**Problem to solve**
Nothing should appear in the answer except the lines below from the line containing "Year Question Paper Held On 25 August 2020||" through the line containing "Understated elegance with", copied exactly, with pictures left out.

**Listed records**

========================================================================

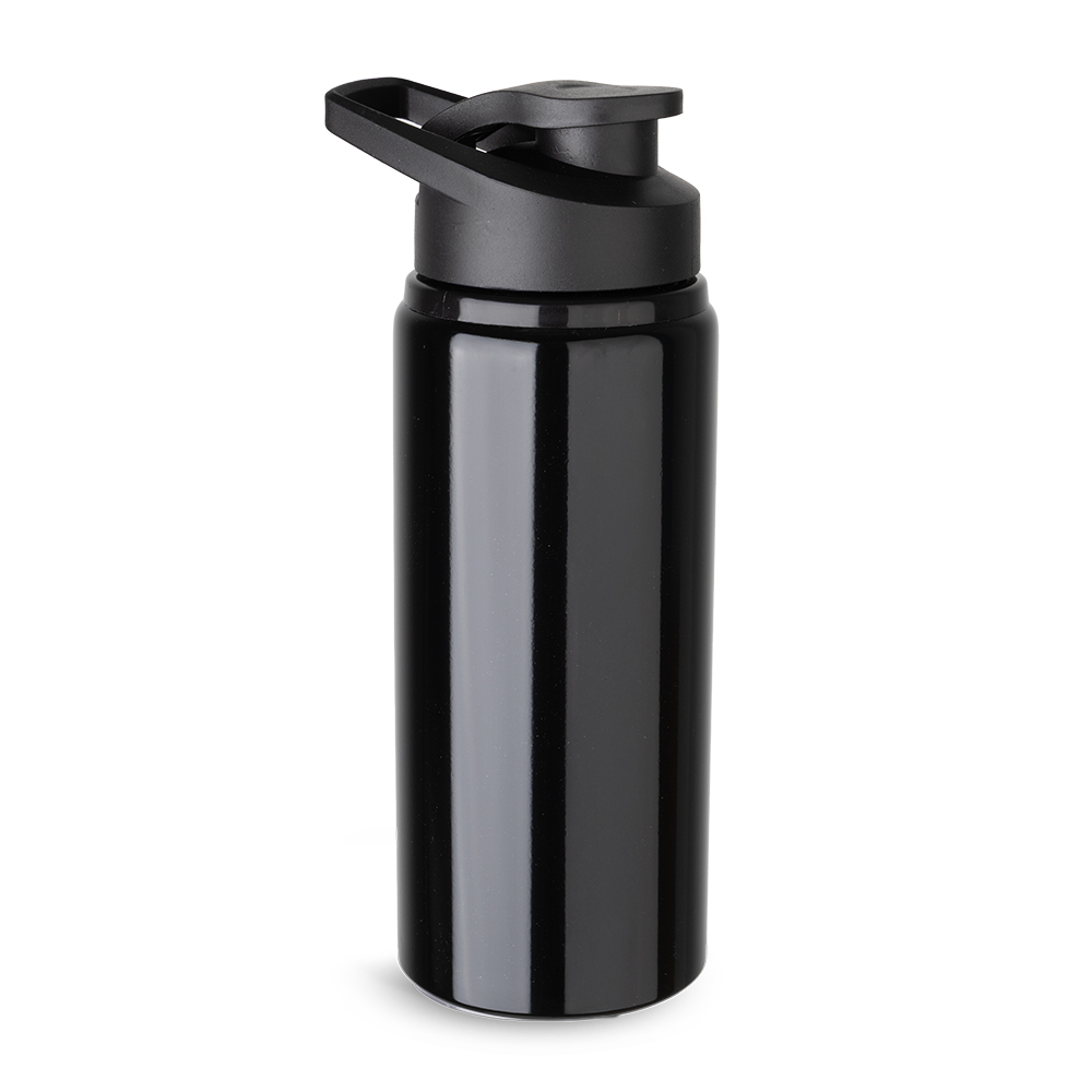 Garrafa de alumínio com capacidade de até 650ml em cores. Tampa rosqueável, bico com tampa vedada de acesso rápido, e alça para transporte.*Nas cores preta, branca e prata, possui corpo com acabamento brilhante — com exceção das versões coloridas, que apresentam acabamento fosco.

========================================================================

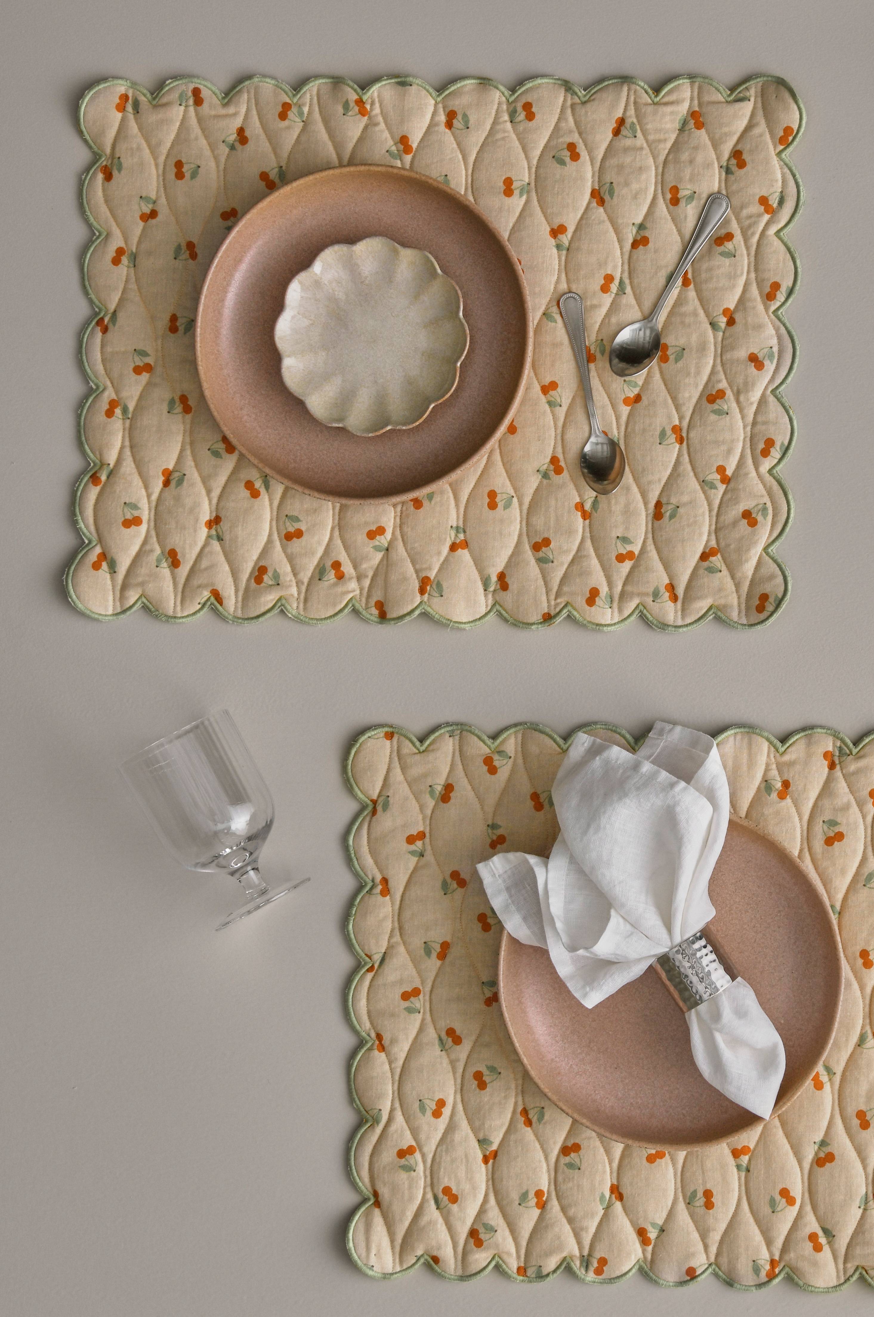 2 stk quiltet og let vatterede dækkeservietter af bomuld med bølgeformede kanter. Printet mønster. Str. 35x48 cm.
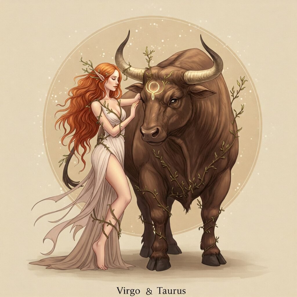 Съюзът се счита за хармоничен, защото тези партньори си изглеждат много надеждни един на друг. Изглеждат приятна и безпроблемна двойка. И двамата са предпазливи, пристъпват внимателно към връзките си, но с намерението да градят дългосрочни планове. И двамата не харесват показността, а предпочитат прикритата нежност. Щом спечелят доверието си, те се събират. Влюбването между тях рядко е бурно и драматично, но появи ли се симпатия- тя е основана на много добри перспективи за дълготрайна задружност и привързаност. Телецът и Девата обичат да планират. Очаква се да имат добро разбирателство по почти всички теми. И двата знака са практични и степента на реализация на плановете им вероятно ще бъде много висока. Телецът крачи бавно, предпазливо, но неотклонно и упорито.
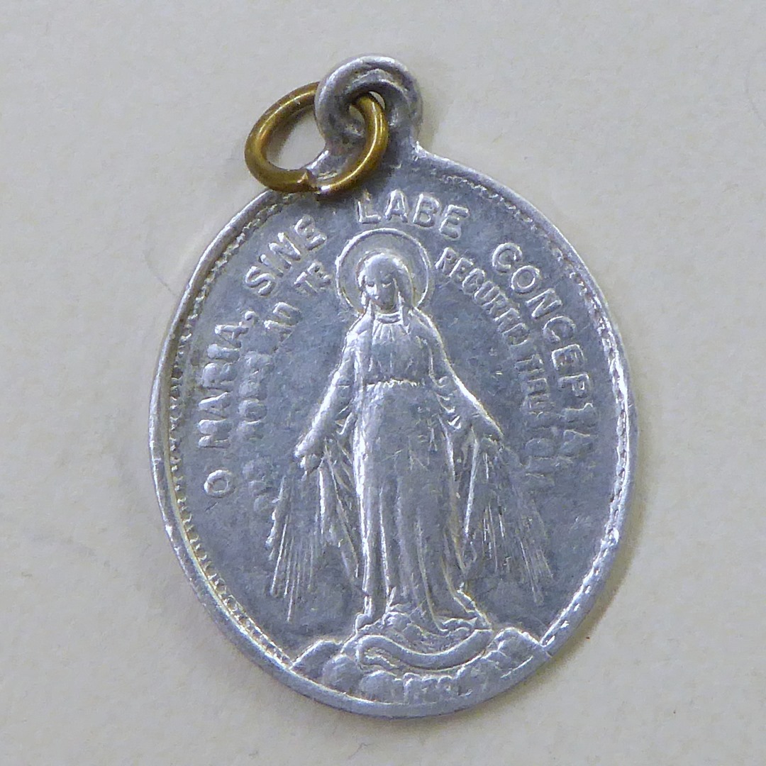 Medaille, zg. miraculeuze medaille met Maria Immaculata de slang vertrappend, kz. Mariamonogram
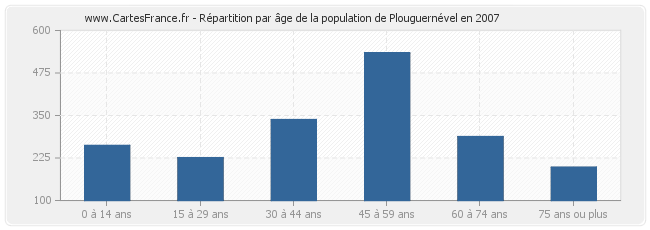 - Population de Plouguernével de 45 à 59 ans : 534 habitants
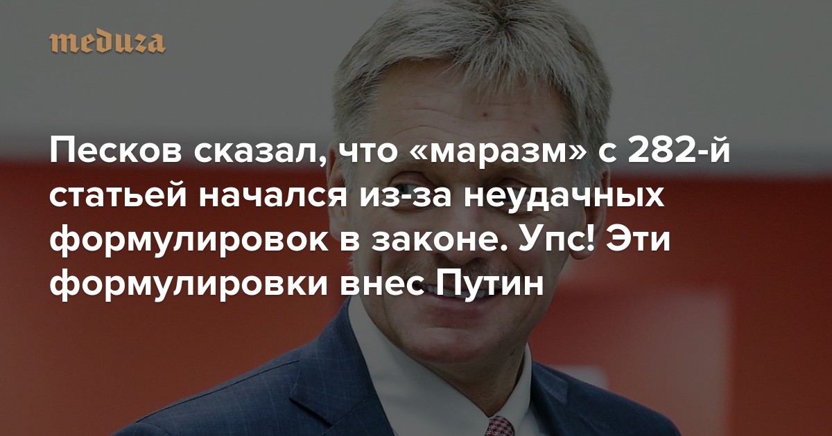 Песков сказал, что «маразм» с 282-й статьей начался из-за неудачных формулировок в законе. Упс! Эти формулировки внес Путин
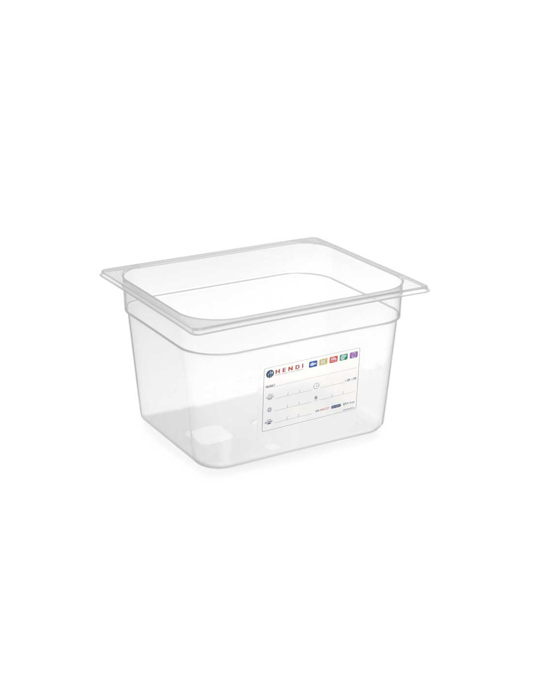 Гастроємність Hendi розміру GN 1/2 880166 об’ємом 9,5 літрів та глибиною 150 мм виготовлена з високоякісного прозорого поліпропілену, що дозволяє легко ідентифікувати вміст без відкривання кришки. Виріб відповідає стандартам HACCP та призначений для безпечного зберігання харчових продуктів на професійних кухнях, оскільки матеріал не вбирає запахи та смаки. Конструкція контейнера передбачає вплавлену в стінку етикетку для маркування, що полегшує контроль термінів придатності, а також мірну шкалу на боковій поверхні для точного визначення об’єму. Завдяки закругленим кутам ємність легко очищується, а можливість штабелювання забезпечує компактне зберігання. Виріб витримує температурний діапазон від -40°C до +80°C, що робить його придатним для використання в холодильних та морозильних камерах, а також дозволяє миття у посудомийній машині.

========================================================================

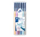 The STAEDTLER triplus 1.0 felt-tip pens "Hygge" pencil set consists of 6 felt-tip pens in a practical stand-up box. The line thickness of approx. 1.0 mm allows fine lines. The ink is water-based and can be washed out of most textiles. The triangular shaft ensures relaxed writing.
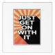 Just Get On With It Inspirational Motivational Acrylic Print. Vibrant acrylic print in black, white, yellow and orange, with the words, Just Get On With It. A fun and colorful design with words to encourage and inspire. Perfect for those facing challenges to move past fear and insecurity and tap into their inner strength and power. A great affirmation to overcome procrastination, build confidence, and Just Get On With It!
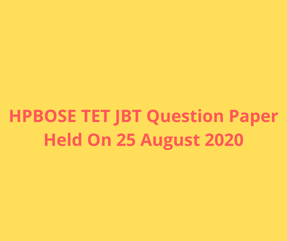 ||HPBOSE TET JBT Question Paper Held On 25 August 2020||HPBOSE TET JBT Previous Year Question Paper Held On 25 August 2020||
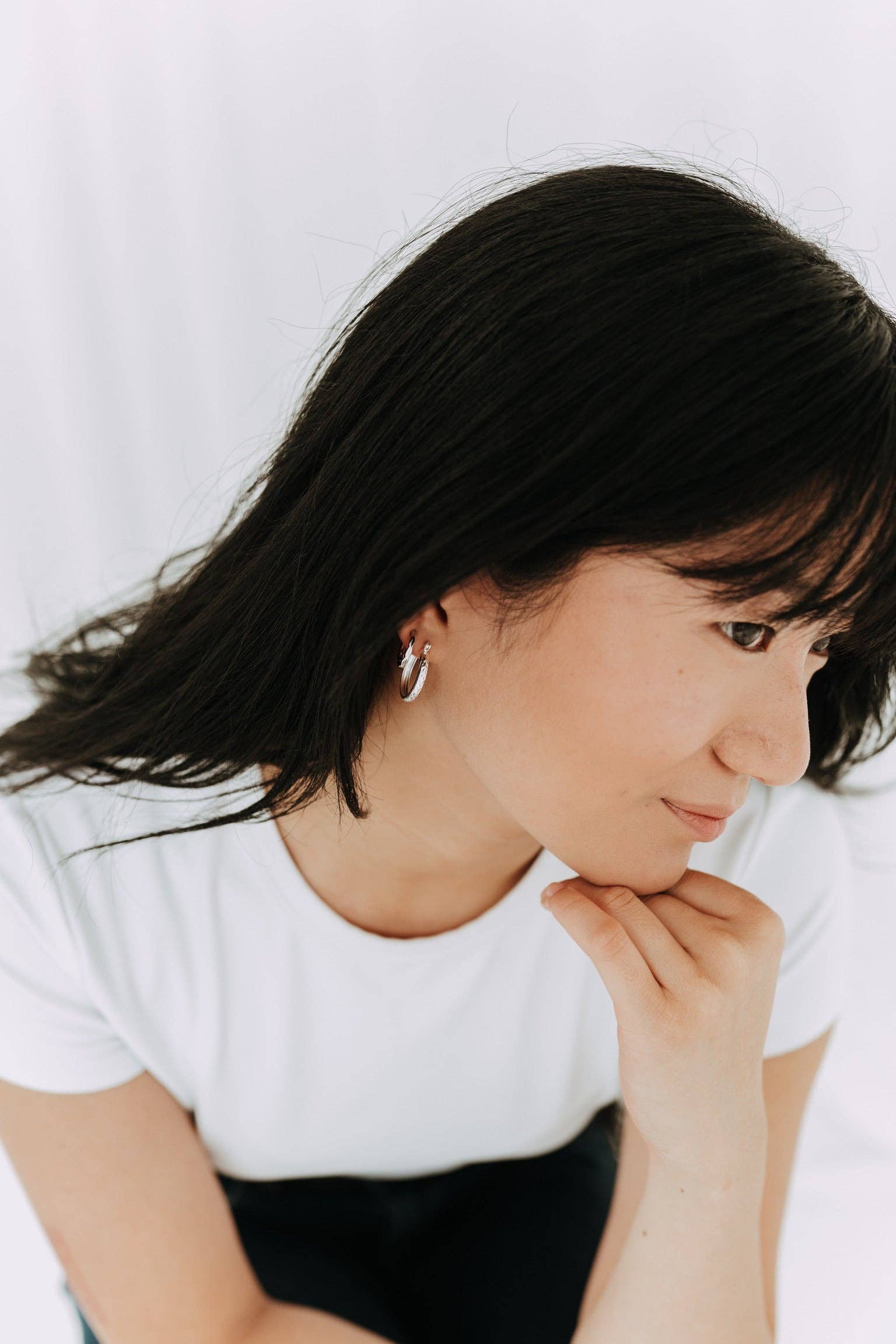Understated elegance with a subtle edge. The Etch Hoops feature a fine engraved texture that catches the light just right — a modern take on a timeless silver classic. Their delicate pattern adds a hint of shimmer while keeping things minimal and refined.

========================================================================

**Response box**
 ||HPBOSE TET JBT Question Paper Held On 25 August 2020||HPBOSE TET JBT Previous Year Question Paper Held On 25 August 2020||
Understated elegance with a subtle edge. The Etch Hoops feature a fine engraved texture that catches the light just right — a modern take on a timeless silver classic. Their delicate pattern adds a hint of shimmer while keeping things minimal and refined.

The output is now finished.